Ann Beadleston, who handles registration for Dowling, said her office stopped counting kids over age 16 last year. She estimates there are an additional 1,000 children who should be registered but aren't.

"They're out there," Beadleston said. "A lot of people are not aware they are required to register, while others don't care. Some people object to government interference of any kind."

Families differ

Most state and national home-school organizations are part of the "hugely political," far-right Christian movement, said Kariane Welner, a UCLA researcher.

Tom Lewis of Arizona Families for Home Schooling said there are few home-schooling support groups in the Valley that aren't Christian. Some even require members to sign a "statement of faith."

Lewis' organization doesn't, he said. But board members must have "a like mind-set and have a Christian viewpoint." Even the national Home School Legal Defense Association calls itself a "Christian organization."

"I think those kinds of things are just miserable," said Ahwatukee mom Mariana Leberknight, who dropped out of a home-school support group because she said members were more concerned with preaching than education.

Home-schooling began in the liberal political camps of the 1960s. By the mid 1970s, the Christian conservative movement took home-schoolers under its wing and defended parents from truancy and neglect charges as they lobbied for less-restrictive home-school laws.

But Welner said research shows that most home-schooling parents are neither anti-public school nor anti-government. And that's a point some Arizona home-school parents are eager to make.

Patti Zowada just wanted to spend more time with her kids.

Three years ago, Zowada decided to teach her three boys in their Mesa home. She is not unhappy with her local schools and expects the boys to return to public high school and go to college.

Arizona's lack of oversight surprised Zowada, who has a master's degree. She wouldn't mind if Arizona tested parents for basic skills or required children to be tested yearly.

"Everyone I know has their kids tested voluntarily. Some go beyond that," added Zowada, who said her children are staying a ahead of their peers. "I don't think most people would be concerned with legal annual testing."

But that's not so for five-year home-schooler Glenda Lovera, who never expects to have her three children tested.

She doesn't have the $30 it costs, Lovera said, and she knows her children have skills that tests can't measure. She's not worried about her kids' passing college entrance exams. She doesn't expect them to go.

"My husband and I aren't college-educated," she said. "I don't know if that's why we don't push it on purpose.

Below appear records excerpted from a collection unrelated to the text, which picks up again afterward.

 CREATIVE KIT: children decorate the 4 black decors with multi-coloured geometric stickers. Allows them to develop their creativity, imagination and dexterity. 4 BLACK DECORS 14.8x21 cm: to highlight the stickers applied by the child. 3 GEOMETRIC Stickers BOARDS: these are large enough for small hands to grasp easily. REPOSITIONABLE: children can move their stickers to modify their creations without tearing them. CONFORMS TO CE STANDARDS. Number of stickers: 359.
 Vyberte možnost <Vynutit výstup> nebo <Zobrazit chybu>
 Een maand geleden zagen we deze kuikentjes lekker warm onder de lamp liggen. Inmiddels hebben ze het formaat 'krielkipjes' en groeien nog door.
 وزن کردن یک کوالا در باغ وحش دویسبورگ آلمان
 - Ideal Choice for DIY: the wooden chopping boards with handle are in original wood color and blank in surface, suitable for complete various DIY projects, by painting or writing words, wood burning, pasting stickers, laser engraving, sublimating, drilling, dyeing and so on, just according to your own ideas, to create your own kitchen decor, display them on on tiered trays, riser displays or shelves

It just never enters our vocabulary."

Lovera doesn't want "home-schooling to equal anti-government, militant wackos." But she added that most parents she knows distrust government and are dead set against stronger oversight. In fact, Lovera sees no reason for some government agencies, such as Child Protective Services, to exist.

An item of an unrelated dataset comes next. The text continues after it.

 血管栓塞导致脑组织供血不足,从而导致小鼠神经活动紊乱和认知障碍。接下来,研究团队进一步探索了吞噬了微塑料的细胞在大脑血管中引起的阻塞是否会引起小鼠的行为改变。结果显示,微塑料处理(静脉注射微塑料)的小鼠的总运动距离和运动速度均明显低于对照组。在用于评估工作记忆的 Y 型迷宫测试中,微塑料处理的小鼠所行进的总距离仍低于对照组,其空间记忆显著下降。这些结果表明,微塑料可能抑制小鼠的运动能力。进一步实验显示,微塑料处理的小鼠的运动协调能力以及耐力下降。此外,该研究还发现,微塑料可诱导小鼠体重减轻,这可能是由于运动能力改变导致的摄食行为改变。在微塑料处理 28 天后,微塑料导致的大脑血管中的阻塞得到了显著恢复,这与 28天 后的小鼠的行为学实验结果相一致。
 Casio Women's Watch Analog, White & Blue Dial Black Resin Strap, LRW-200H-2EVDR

"God gives you your parents," Lovera said. "If they're messing up big time, God will take care of it. You don't need the government."

Results unknown

So how are these parents turned teachers doing? It's a hard question for researchers to answer.

Advocates are quick to point to surveys indicating that home-schooled children routinely have higher achievement rates than public schoolkids. But research usually comes from college-bound kids, testing results or voluntary surveys.

"The question is: How are all of the home-schoolers doing?" said Mike Griffith of the Education Commission of the States, who calls it "a hole in our information."

Welner's research gives her no reason to believe home-schooled kids are doing any better or worse than kids in public schools.

Which leads Lewis to defend his organization's efforts to make Arizona one of the nation's least restrictive home-schooling states.

"Why would you want to start monkeying with something that works," he asked, "and doesn't cost you a penny?"